Todavía vienen los Reyes

La imagen pública de la Monarquía no es buena. Ya pueden vestir al Rey con corbata roja o colocar fotos sobre su mesa, que da igual.

La imagen pública de la Monarquía no es buena. Ya pueden vestir al Rey con corbata roja o colocar fotos sobre su mesa, que da igual.

La imagen pública de la Monarquía no es buena. Ya pueden vestir al Rey con corbata roja, iluminar la escultura del jardín, o colocar fotos sobre su mesa, que da igual. Y no se trata de que la audiencia del discurso de Nochebuena haya bajado de cinco a siete millones en un año; es que a la mayoría no le interesa lo que diga más que para contestar o criticar. Hoy, la Casa Real, lamentablemente para nuestra democracia, está en el saco de las instituciones bajo sospecha. La estrategia de traer al recuerdo la Transición y el intento de golpe del 23-F para revalorizar la Corona ya no vale, ante una sociedad cada vez más nihilista y centrada en su presente. La susceptibilidad social está a flor de piel gracias a la crisis que nos rodea, a los recortes, al paro y a la subida de impuestos. Pesimista y ausente, la gente ve con desprecio la corrupción que ha acompañado al yerno de Don Juan Carlos durante años sin que nadie de la Casa Real hiciera nada efectivo para impedirlo; y cunde la creencia de que la infanta Cristina disfruta de un trato de favor ante la Justicia.

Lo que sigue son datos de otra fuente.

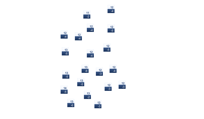 | -8 | -7 | -3 | 2 | 7 | 10 | 12 | 11 | 8 | 4 | 0 | -5 |

Por eso, y tras escuchar el discurso del Rey, a sus defensores y a sus detractores, queda pensar en su utilidad. Está claro el papel que el monarca debe desempeñar en un régimen representativo, pero no hay unanimidad en que lo cumpla. El rol dignificante, relativo a la transmisión pública de los valores sociales más comunes, tanto los permanentes como los emergentes; esto es, el comportamiento honrado, la coherencia en la conducta, la lealtad en el ámbito doméstico, la solidaridad real con los desfavorecidos, o la austeridad, es precisamente el elemento más criticado. El papel dignificado, vinculado al cumplimiento de su papel constitucional, solo parece satisfacer al Gobierno; es decir, a quien ha dado el visto bueno al discurso. Los tópicos sobre el respeto a las reglas del juego, al diálogo y a la convivencia son ineludibles en una figura institucional como la del Jefe del Estado, pero están muy desgastados y dan la sensación cansina de un déjà vu. Del mismo modo, el llamamiento a la unidad de España, sin una mayor concreción, es algo lógico y deseable, porque la política la hacen los políticos a los que votamos y podemos despedir, no el Rey.

Mientras veíamos estos días que EEUU sufría un temporal de nieve y frío ártico que paralizaba ciudades y cancelaba vuelos -Tennessee y Arkansas declaraban el estado de emergencia, cerraban las oficinas de la Administración y las escuelas en Washington, etc.-, contemplábamos a Obama en pantalón corto, jugando al golf en Hawai. Poco antes eran noticia sus fotos teenager con la ministra danesa en pleno funeral de Nelson Mandela. Ya no le importa a Obama tanto el juicio de la opinión pública porque ya no se someterá a unas elecciones. En una Monarquía, la vindicación del comportamiento ético debe ser constante, no solo munición de discurso navideño. En caso contrario, los Reyes, parafraseando el villancico, dejarán de venir por los arenales.